# $$$ to hit 500lbs in Bench Press



## WesleyInman (Sep 19, 2013)

So I have been offered $1500 dollars in prize money to compete in a PL contest next year in Las Vegas, and I have to hit 500lbs x 1 rep on flat bench in order  to secure this prize money.

The catch is that I have to weigh 220lbs or less.

I have never tried 500lbs, though I think I could have hit it around 225lbs a few years ago..I was repping 405lbs x 10 reps on flat.  I was on a ton of AAS.  Now I have a HRT script but am 100% legal besides the occasional legal OTC PH.

Mind you I have competed in PLing many times, but I am primarily a competitive Strongman, and Bench means absolutely NOTHING in Strongman.

Anyone have any methods or techniques they find efffective to add strength to bench for someone like me who is pretty plateaued?

Right now I weigh 207-210lbs daily.  I am hitting 455lbs x 1..I have to add 10-13 lbs and I need to jump 45+lbs on bench

Seems do-able..but my joints are KILLING me..that is my biggest issue right now..elbow problems.

Any tips from PL's would be appreciated, boards and tricep work probably won't be possible bc of the joint issues.


I don't have to do the 500lbs PL style, rather I can touch and go or even use momentum as I do in this Incline PR video.


Wesley Inman Strongman Incline 365lbs x 9 reps at 207lbs with GYMNTONIC.com - YouTube


----------



## LuKiFeR (Sep 19, 2013)

Tren n Halo...mayb some EQ for joints.


----------



## WesleyInman (Sep 19, 2013)

LuKiFeR said:


> Tren n Halo...mayb some EQ for joints.



I wish!!!! It has to be 100% legal.  Again I have a script for 100mgs E4 days cyp....

PH's are not out of the question.  I need to rely on technique I believe.

Thanx LuKiFer though..appreciate the feedback


----------



## feen (Sep 19, 2013)

Try checking out the slingshot.I heard its been helping people add to there bench


----------



## LuKiFeR (Sep 19, 2013)

WesleyInman said:


> I wish!!!! It has to be 100% legal.  Again I have a script for 100mgs E4 days cyp....
> 
> PH's are not out of the question.  I need to rely on technique I believe.
> 
> Thanx LuKiFer though..appreciate the feedback



sry bro...i suck at bench. my arms are like 6' long.
im beat before i get the bar dwn to my chest. cant help ya there.

Confidence will help u. and by looks n stats...i can tell u can do it.
if u didnt think u cld....u wld not even think about doin it.

so...

YOU CAN DO IT!!!!!

Seriously tho..u can.   keep tellin yurself tht too.

GOOD LUCK


----------



## Bull_Nuts (Sep 19, 2013)

Bench shirt will add 50 lbs


----------



## WesleyInman (Sep 19, 2013)

feen said:


> Try checking out the slingshot.I heard its been helping people add to there bench



Yes, I actually tried it the first time 2 weeks ago..With 315..made it feel like 225. Just too simple.
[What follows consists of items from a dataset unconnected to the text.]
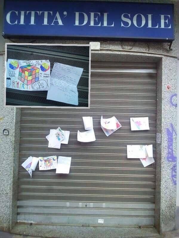 La serranda di via Oristano abbassata da giorni dopo 28 anni di attività è tappezzata da disegni, lettere, appelli disperati ...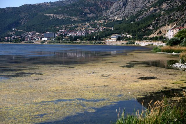 Kirliliğin göstergesi su yosunları olarak da bilinen algler ile göldeki otçul balıkların tükenmesine bağlı hızla çoğalan su bitkileri, göl yüzeyini kapatmaya başladı.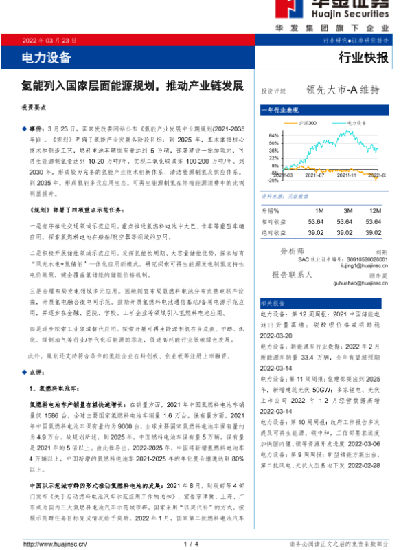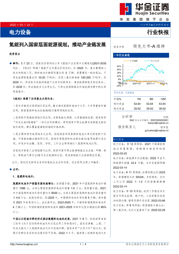 【华金证券】【20220323】电力设备:氢能列入国家层面能源规划,推动产业链发展-4页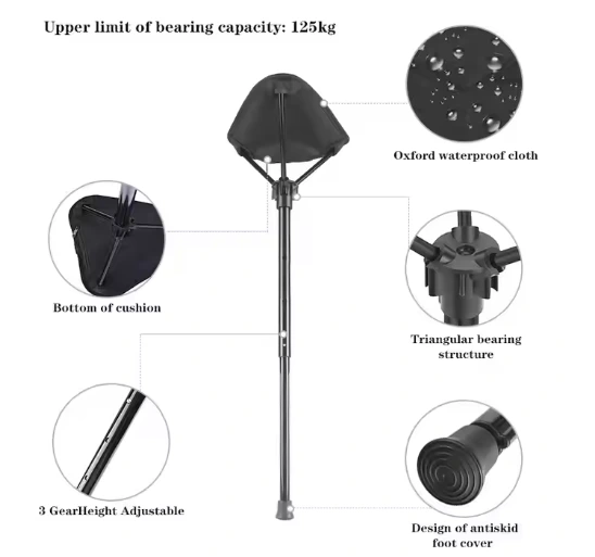 Foldable Travel աթոռը, որն ավարտված է երկակի շերտով օքսֆորդով եռոտանի նստատեղի մակերեսով, ավելի ամուր եւ կայուն, մեծահասակների համար մեծահասակների համար տեղավորվում է մեծ եւ բարձրահասակ մարդուն: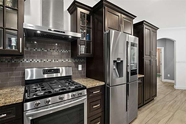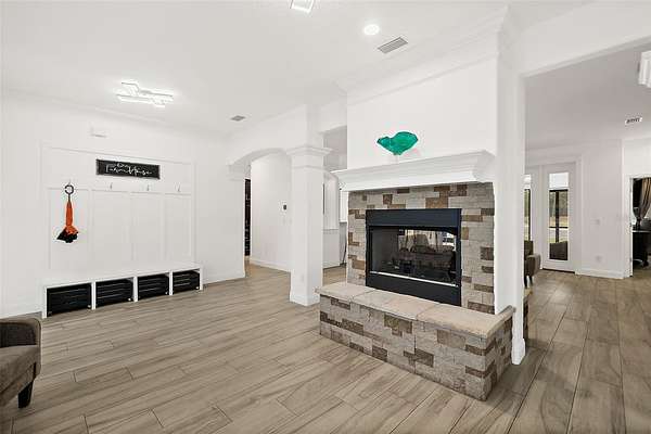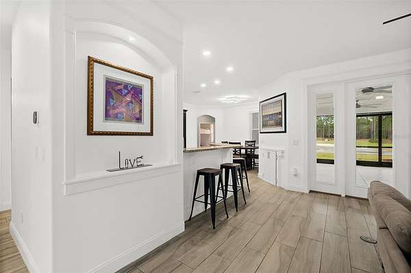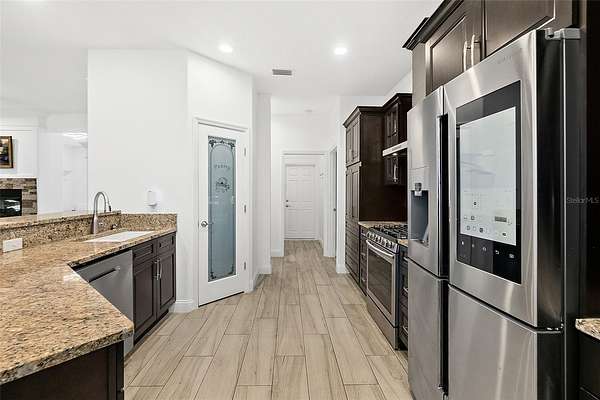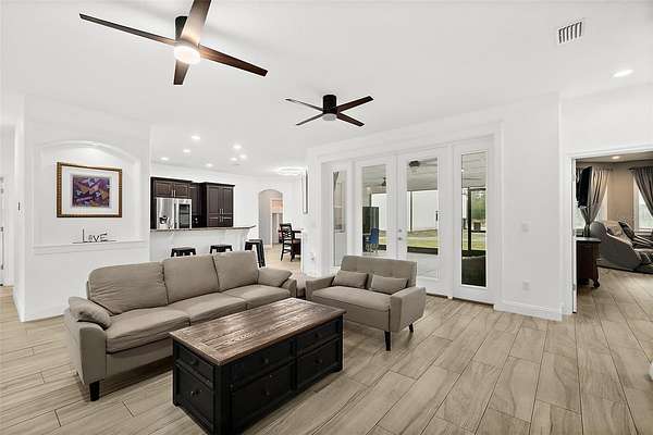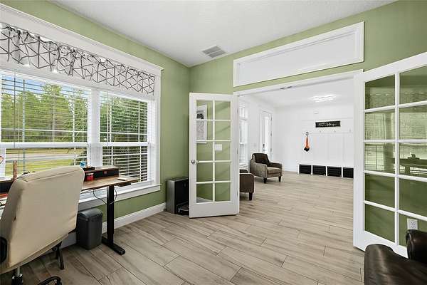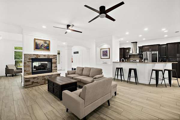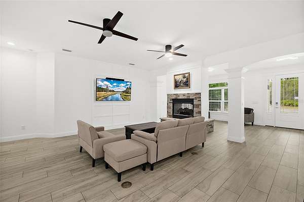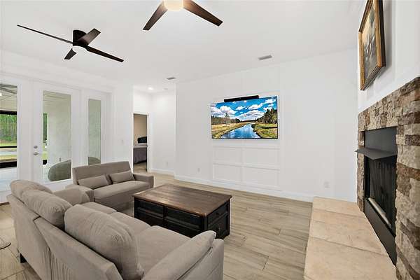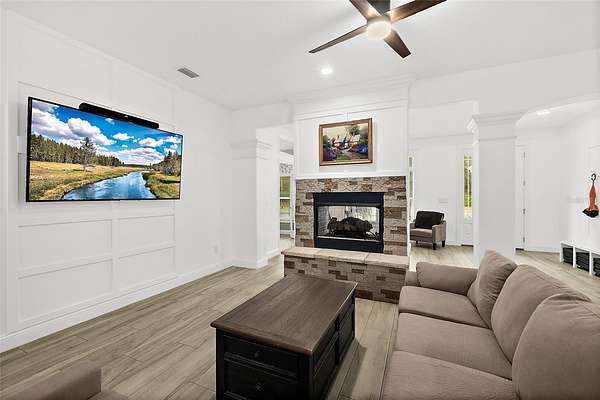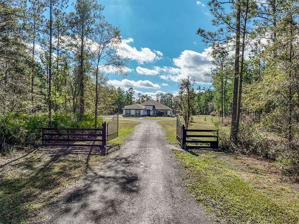 As you drive down the sweeping tree lined driveway and enter the wrought iron gates, you will feel the peacefulness that country living will bring you. As you step into this cozy country home you will feel a sense of belonging! Home offers 4 bedrooms, 3 bath (one bath is a jack and jill) and it has a bonus room/office, as well as a stunning focal point see through gas and stone fireplace that sits gracefully between the living room and family room. Can you picture yourself sitting in front of the cozy fire enjoying some quiet time? The chef's kitchen is equipped with a propane gas range, state of the art touch screen refrigerator, dishwasher, microwave and a hard connected water line for the coffee connoisseur. The sink is in the center island that is designed for gatherings of family and friends. The glass door walk in pantry features lots of shelving with plenty of storage room. Master bath has a large tiled walk in shower with multiple shower heads and a lighted mirror, as well as a large vanity sink and separate water closet room for privacy. The spacious master bedroom has his and hers walk in closets with designer closet shelving. The jack and jill bathroom as well as the 3rd bathroom features designer tile with tub/shower combinations. The laundry room features a washer/dryer combination for extra room for storage. The screened lanai has over 400 sq. ft. for your enjoyment. You can watch the deer and turkey from this awesome viewpoint and if you have pets there is a large doggie door from the kitchen. The 3 car garage offers 741 sq. ft. and has two garage doors with garage door openers and plenty of room for your vehicles. Large propane tank supplies gas to the range, fireplace and tankless hot water heater for energy savings. Now let's talk about the outside!

Not sure how the slingshot works, bc to me, I dont know how it overloads the CNS bc the material is doing alot of the work for you...But I have heard this as well..this may be something I consider with Chains as well..Im really thinking about doing chain work.



LuKiFeR said:


> sry bro...i suck at bench. my arms are like 6' long.
> im beat before i get the bar dwn to my chest. cant help ya there.
> 
> Confidence will help u. and by looks n stats...i can tell u can do it.
> ...



Thank you man! Yes I know I can do it.  500 has been a long time goal...20+ years in the gym and I haven't hit it "yet" 



Bull_Nuts said:


> Bench shirt will add 50 lbs



Thanx Bull  Brings up a good point.  It has to be RAW..not only that but I only believe in RAW lifting for PL and strongman for that matter.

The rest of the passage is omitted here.